Example in Psalm 3:1-4:
Stanza 1 - “O Lord, how many are my foes!
Many are rising against me;
many are saying of my soul,
‘There is no salvation for him in God.’
Stanza 2: - “But you, O Lord, are a shield about me,
my glory, and the lifter of my head.
I cried aloud to the Lord,
and he answered me from his holy hill.”
In this Psalm, David highlights the struggles and fears that are befalling him in his escape from Absalom, then he reminds Himself of the truths he knows about God. By the end of the Psalm, the reader is encouraged to do as David has, to turn to the Lord in their trouble and find help in their time of need. The stanzas reinforce the movement of the Psalm as a whole.
Repetition
One final pattern used in biblical poetry is the use of repeating words, phrases, or ideas for emphasis. For example, in Ecclesiastes, Solomon reuses the phrases, “Meaningless”, “Striving after the wind”, “Under the Sun”, etc., which builds the main themes of the book: apart from God (who is “The Sun”), everything in this life is meaningless, and those who chase meaning there are pursuing something they will never attain…like trying to grab hold of the wind.
Look for the Pictures: Metaphors and Imagery
Obviously, all poetry utilizes imagery in communicating ideas. In biblical poetry, imagery can be used in either culture-specific ways or to call to mind earlier passages of Scripture. When you encounter a piece of imagery or a metaphor that is unfamiliar to you, do some research, both in Scripture and outside of it and you’ll often find a point of reference the biblical writer likely had in mind while writing.
Examples:
Psalm 77: “Your path was through the sea; your way was through the great waters, but Your footprints were unseen”
This is meant to recall the Exodus climax at the Red Sea to remind Israel during a season where God has not yet delivered them from difficult circumstances, when they had reasons to doubt His deliverance would come. It is a call to remember what God had done before!
Prov. 5:15: “Drink water from your own cistern, flowing water from your own well. Should your springs be scattered abroad, your flowing waters in the streets?”
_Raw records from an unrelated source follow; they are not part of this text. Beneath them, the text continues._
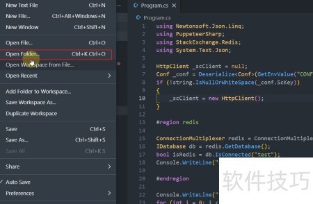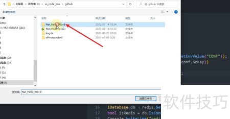7、 用VS Code打开第6步创建的文件夹,操作所示。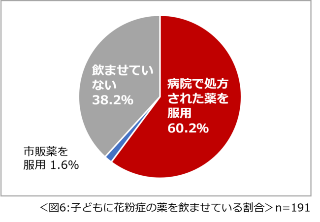 12歳以下の花粉症の子どもを持つ方に「花粉症の薬を飲ませていますか」と質問したところ、 約6割の人が「病院で処方された薬を服用」と回答「花粉症の薬を飲ませていない」人は約4割いました。
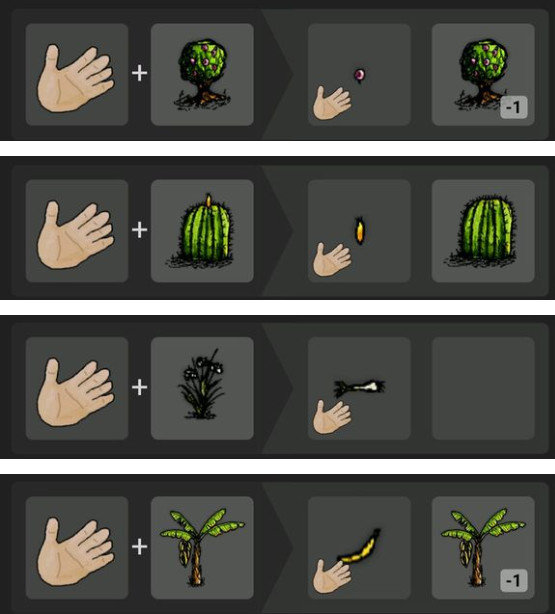 要注意的是,仙人掌只有在玩家发现后才会开始生长开花结果,每10分钟结好一次果实。野生醋栗每10分钟长一颗新果子(家养的不会),野葱和香蕉都不可再生,只能系统刷新。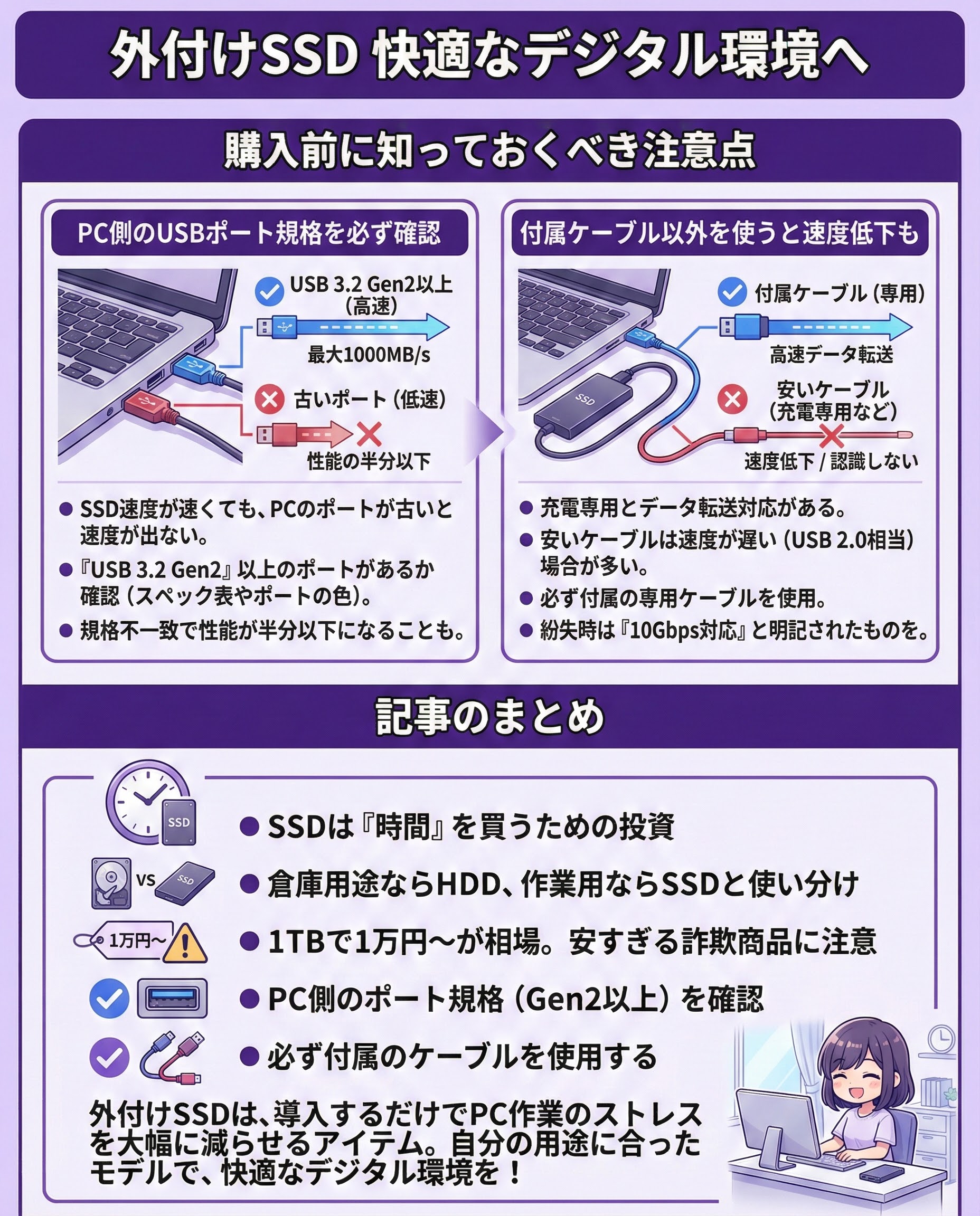 外付けSSDは、導入するだけでPC作業のストレスを大幅に減らせるアイテムです。メリット・デメリットを正しく理解し、自分の用途に合った容量と速度のモデルを選んで、快適なデジタル環境を手に入れましょう。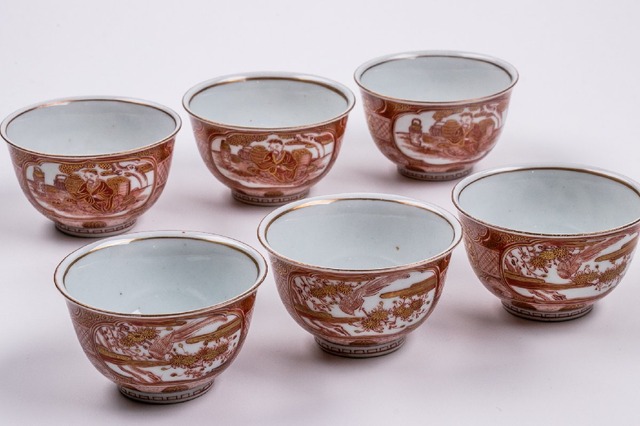 九谷 赤絵金彩煎茶図碗 6客 E1204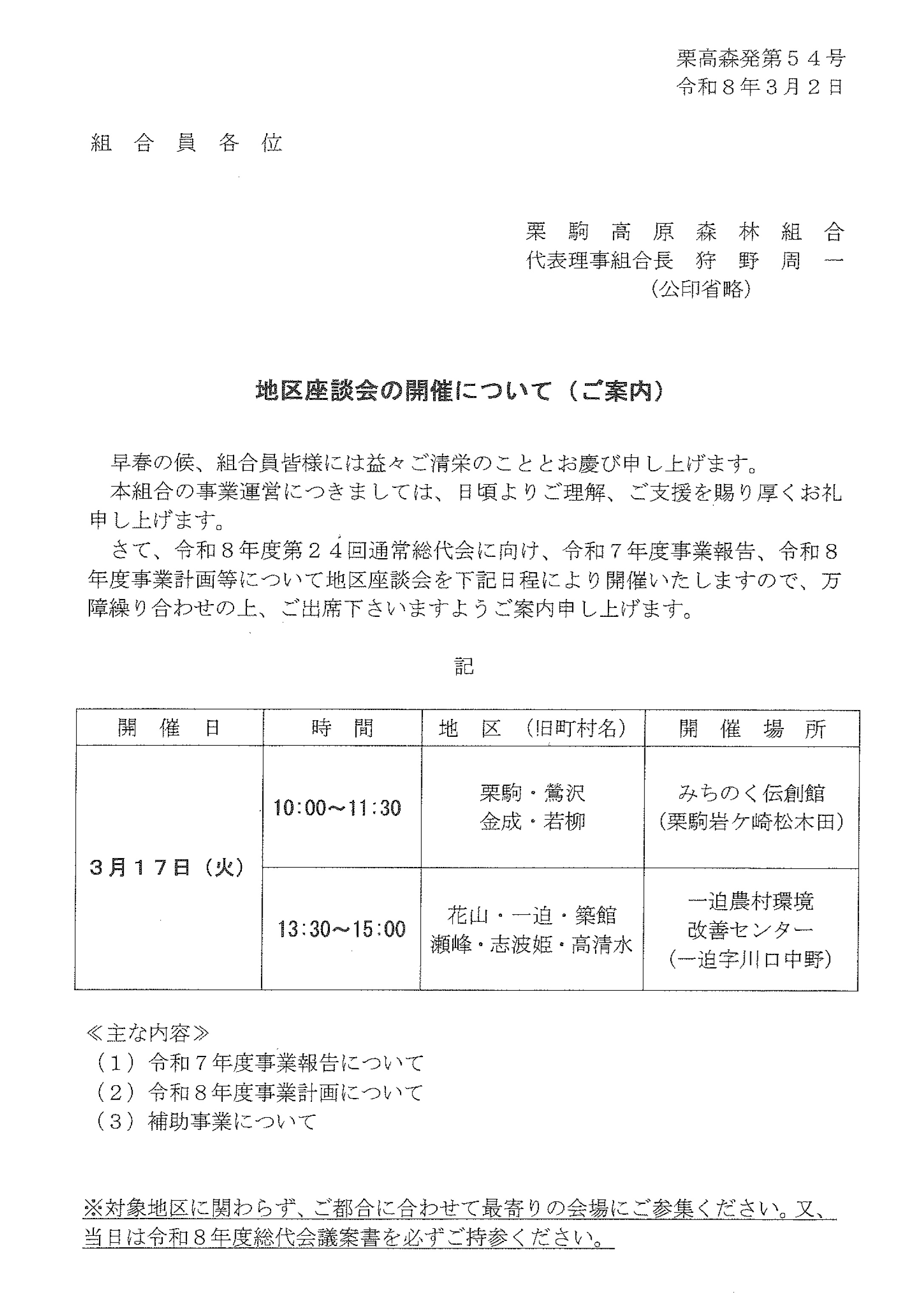 下記のとおり、地区座談会を開催します。組合員皆様のご出席お待ちしております。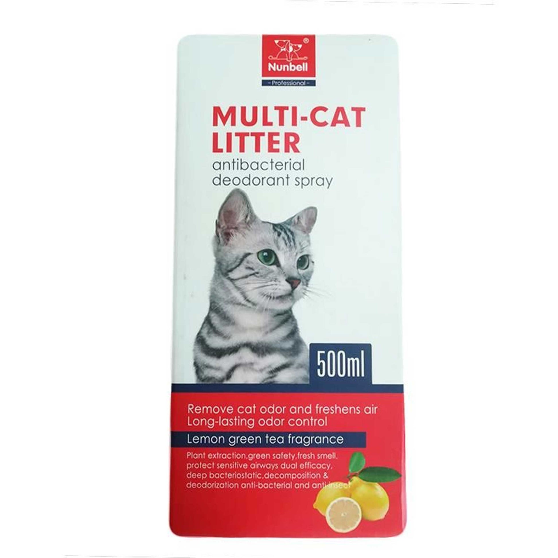 Nunbell Multi-Cat Litter Spray is an antibacterial deodorant formula designed for multi-cat households, featuring plant extracts like lemon and green tea for long-lasting odor elimination in litter boxes, cages, and homes. Its double-action bacteriostatic properties neutralize bacteria at the source while leaving a fresh, non-irritating scent safe for sensitive respiratory systems.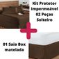 Kit Protetor Colchão Solteiro + 1 Capa De Travesseiro Impermeável + Saia Box Marrom
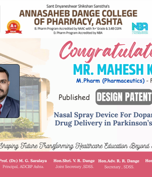 Hearily Congratulations to Mr. Mahesh Kore ( Final Year M Pharm - Pharmaceutics) published design patent entitled Nasal Spray Device For Dopaminergic ...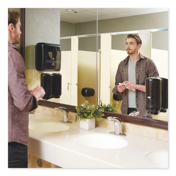 Tork Elevation Foam Skincare Automatic Dispenser with Intuition Sensor, 1 L/33 oz, 4.45″ x 5.12″ x 10.94″, Black – The Tork Elevation Foam Skincare Automatic Dispenser with Intuition Sensor has a functional and modern design that makes a lasting impression on your guests and can be used with a wide range of skincare products in sealed bottles. Its touch free dispensing ensures good hand hygiene for all users. It’s high capacity helps to minimize maintenance time while the LED level indicator shows when a refill is needed. EasyCube compatible.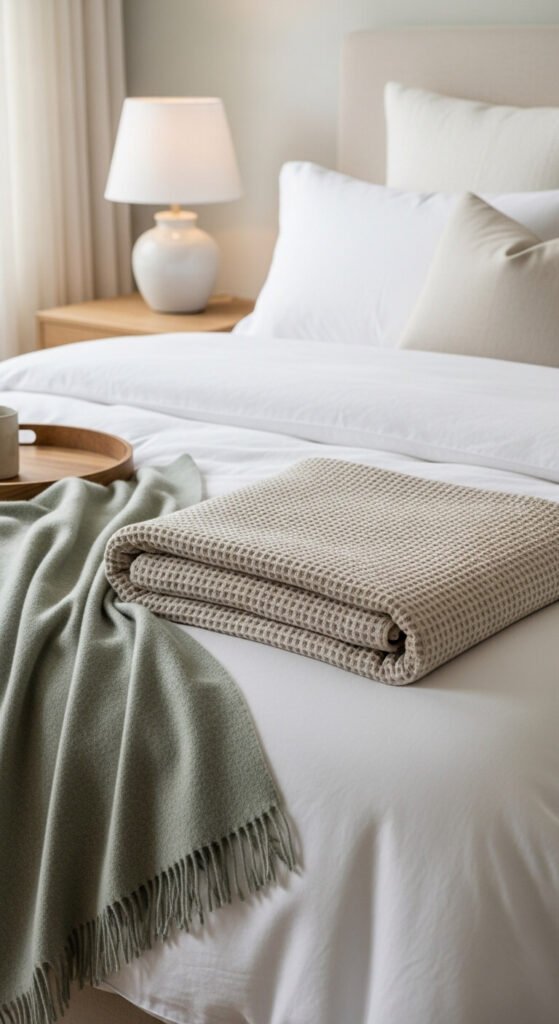 - Summer — open-weave cotton or a light muslin throw in warm white or sun-bleached natural tones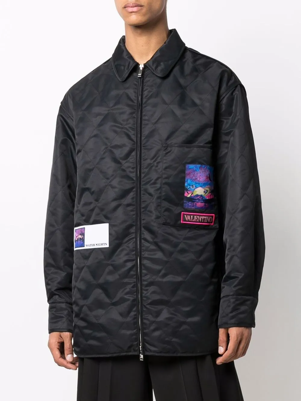 Коллекция Valentino Ready To Wear, принт с эффектом печати, стеганая отделка, нагрудный накладной карман, классический воротник, застежка на молнии спереди, длинные рукава и закругленный подол. Цвет: черный.
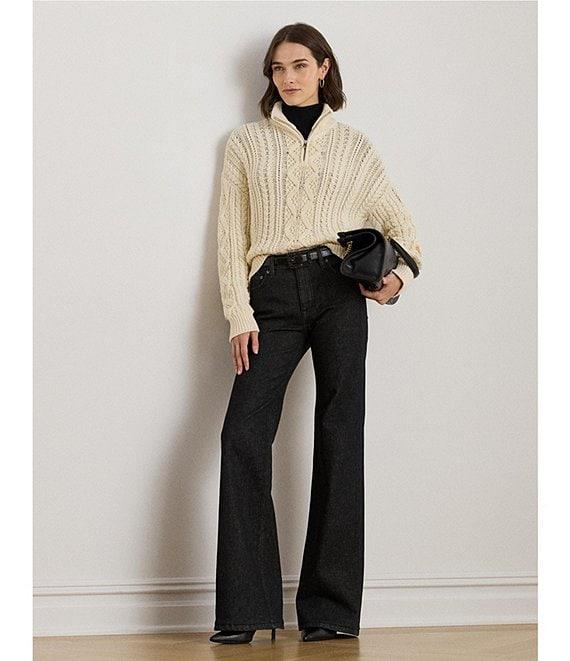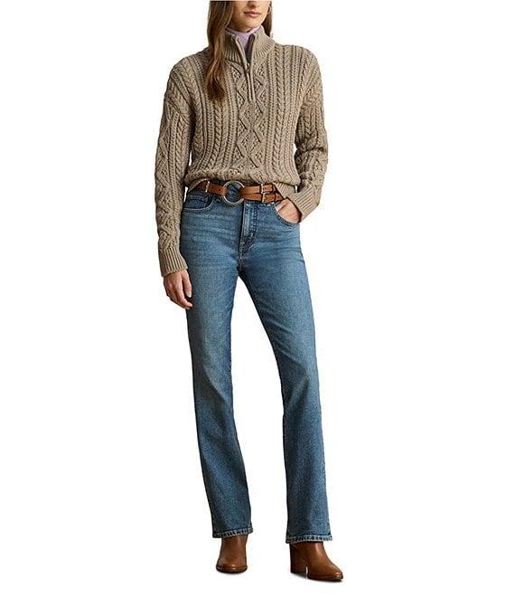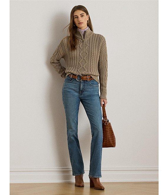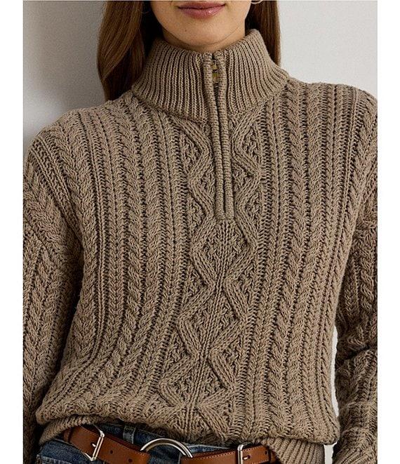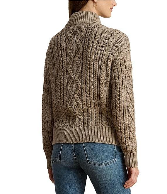 From Lauren Ralph Lauren, this sweater features: Cable knit fabrication Ribbed mock neckline Long sleeves with ribbed cuffs Dropped shoulders Ribbed hem Front quarter zipper closure Pullover construction Approx. 21.5" length; 19.25" sleeves Cotton Machine wash Imported.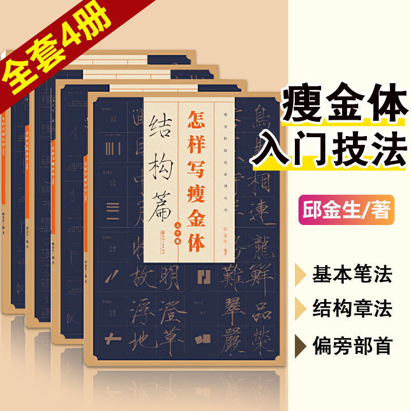 怎樣寫瘦金體全套4冊 邱金生著 基本筆法結構章法偏旁部首解析 宋徽宗楷書千字文臨摹本 瘦金體毛筆書法字帖入門技法教程工具書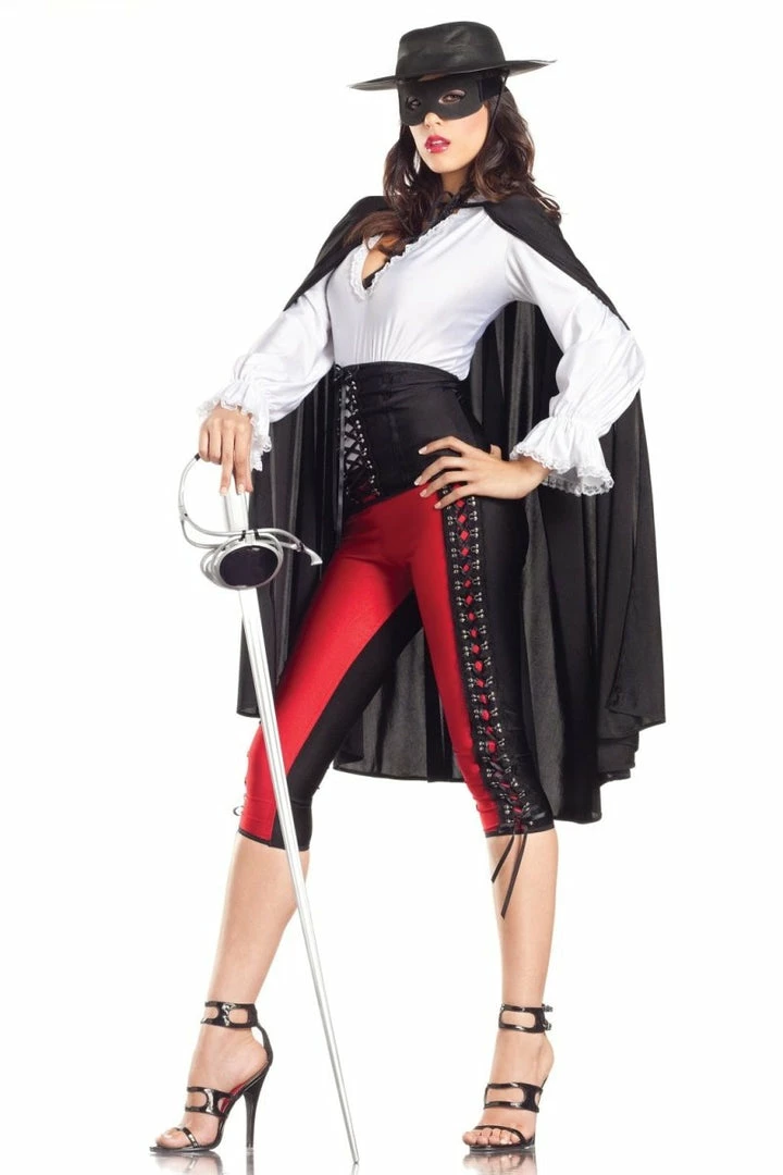 6 Piece Sexy Bandit includes Hat mask top pants waist band cape. (Sword not included sold separately).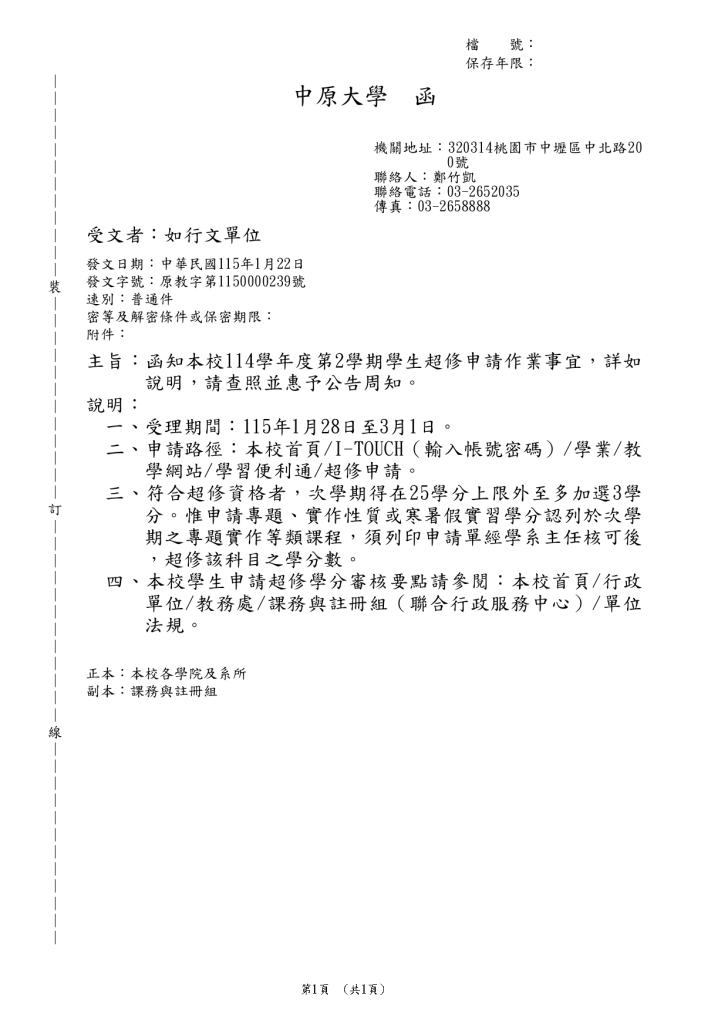 【中原大學114-2學生超修申請作業事宜-公告】2026-02-02/在: 最新消息, 一般公告 /通過: 傅文怡 1.受理期間:115年1月28日至3月1日。 2.申請路徑:本校首頁/I-TOUCH(輸入帳號密碼)/學業/教學網站/學習便利通/超修申請。 3.符合超修資格者,次學期得在25學分上限外至多加選3學分。 /wp-content/uploads/2022/11/電機LOGO-.png 0 0 傅文怡 /wp-content/uploads/2022/11/電機LOGO-.png 傅文怡2026-02-02 13:56:142026-02-02 13:56:14【中原大學114-2學生超修申請作業事宜-公告】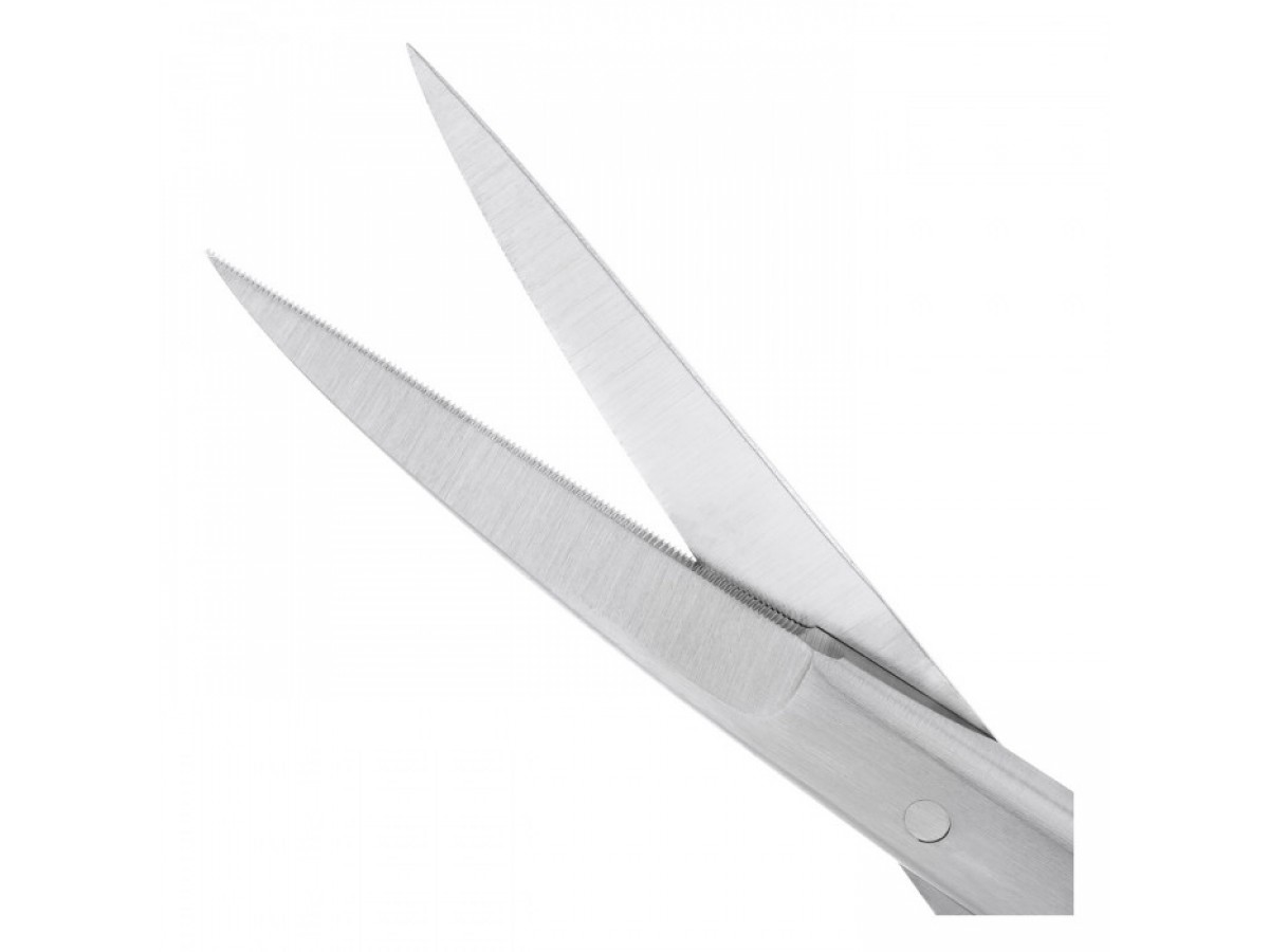 Лезвия ножниц стандартной треугольной формы с тонкими, острыми режущими краями. Изгиб по плоскости в рабочей части способствует коррекции мягких тканей в глубоких и труднодоступных участках полости рта.

In Solomon’s day, your family cistern/well was a source of nourishment and life for your family, something to be guarded/valued. To scatter it in the streets was to either waste it (as if it weren’t important) or to give it to strangers (leaving your own household thirsty). Solomon connects this to adultery, where the cistern is the marital bed: a source of nourishment, life, and value to be guarded and protected, not scattered or shared.
Look for the Point: Exegesis
Once you know who is writing, who they are writing to, how they have structured the poem, and the main images they use, then you can begin to put it all together.
What is the point? This is the end goal, what the entire section is trying to communicate. How does David’s confession in Psalm 51 model for us what repentance and faith look like? How does Solomon’s understanding of “eternity in man’s heart” in Ecclesiastes 3 help us make sense of our purpose? How does God’s announcement of His attributes in Job 38 humble us, knowing how much greater our God is than us? These are all big questions, born out of the text, that give us the foundation of our teaching.
Poetry is not everyone’s strong suit, but it is another form of divine revelation to us, which means how we approach it matters. I hope that as you seek to teach biblical poetry to students, you will be encouraged, uplifted, and when necessary, warned by them – learning to know their truths with your mind, and feel them in your heart.